- Sire: Jet Jewel
- Grandsire: Jet Pilot
- Dam: Belle Jeep
- Damsire: War Jeep
- Sex: Stallion
- Foaled: 1955
- Country: United States
- Colour: Bay
- Breeder: Maine Chance Farm
- Owner: Maine Chance Farm
- Trainer: 1) Ivan H. Parke 2) William Molter
- Record: 22: 7-5-2
- Earnings: US$448,592

Major wins
- Champagne Stakes (1956) Cowdin Stakes (1956) Pimlico Futurity Stakes (1956) Washington Park Futurity Stakes (1956) Tremont Stakes (1956) Wood Memorial Stakes (1957)

Awards
- TSD & TRA American Two-Year-Old Colt (1957)

= Jewel's Reward =

American-bred Thoroughbred racehorse

Jewel's Reward (March 10, 1955 – September 16, 1959) was a Thoroughbred Champion racehorse. He was voted the American Champion Two-Year-Old Colt of 1957 by the Thoroughbred Racing Association and Turf & Sports Digest magazine. The rival Daily Racing Form poll was topped by Nadir. Owned by the Maine Chance Farm of "Cosmetics Queen" Elizabeth Arden, Jewel's Reward was trained by National Museum of Racing and Hall of Fame inductee Ivan Parke.
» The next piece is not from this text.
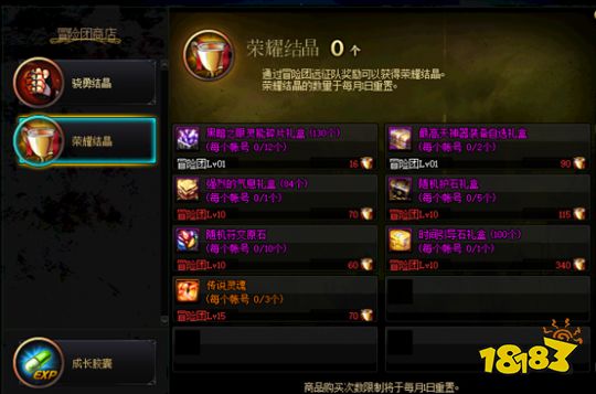 荣耀结晶商店删除了部分鸡肋道具同时增加了“黑暗之眼灵能碎片、最高天神器自选礼盒、随机护石礼盒、随机符文原石、时间引导石礼盒”这些新版本需求量较大的道具。
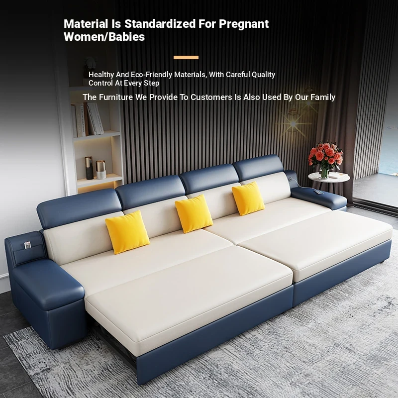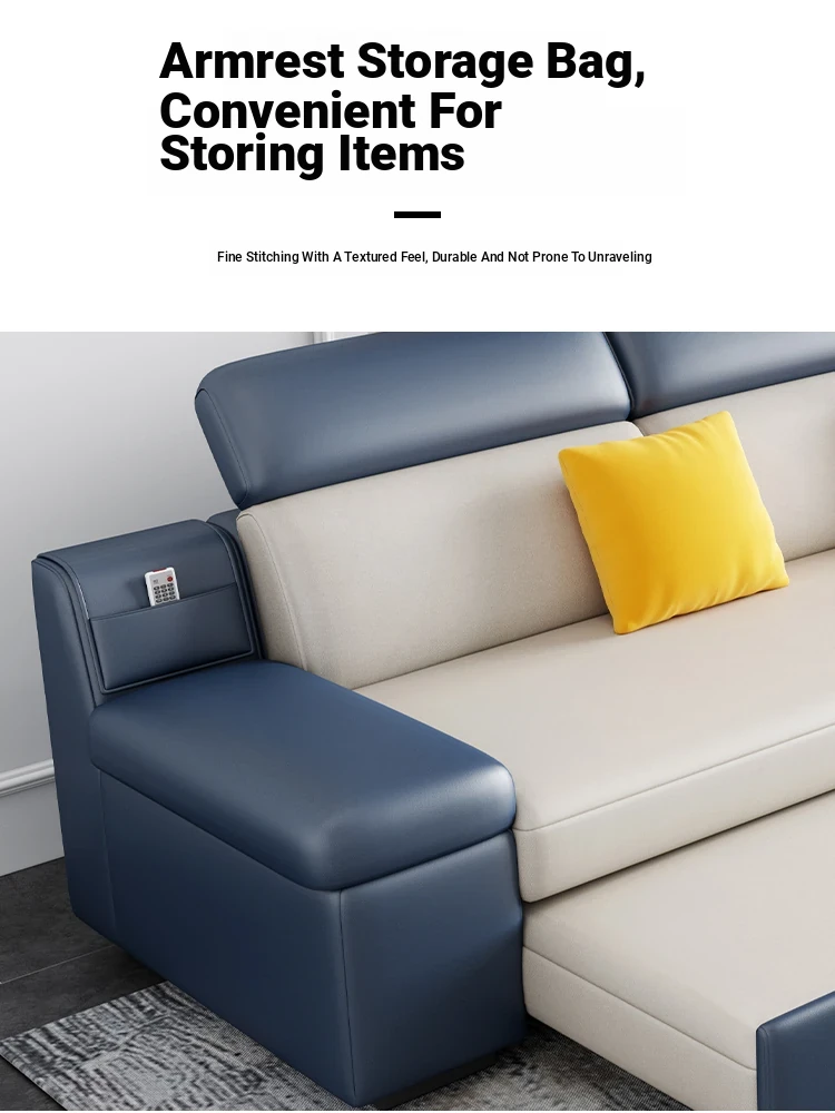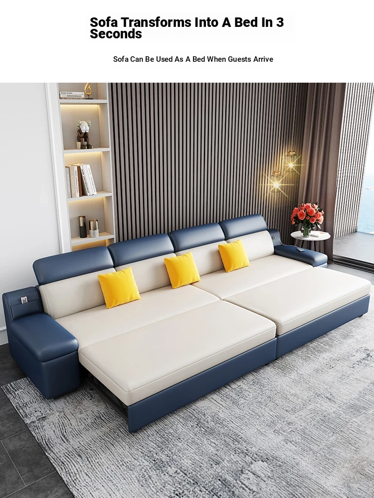 Modern L-Shaped Sofa Bed for Four - Versatile Foldable Design in High-Tech Fabric, Perfect for Spacious Living Rooms, Ideal for Couples and Guests

Following his championship year, in which he won more money than any other two-year-old in history, at age three Jewel's Reward was ranked a top contender for the U.S. Triple Crown series after winning the Wood Memorial Stakes at Belmont Park in Elmont, New York. However, an injury during a workout hampered the colt and after being sent off as the betting favorite, he ran fourth in the Kentucky Derby and seventh in the Preakness Stakes. Later that year, Jewel's Reward was sent to race in California, where he was trained by Bill Molter.

Returned to the East Coast, in August 1959 the four-year-old Jewel's Reward came down with colic and died on September 16 in his barn at Belmont Park.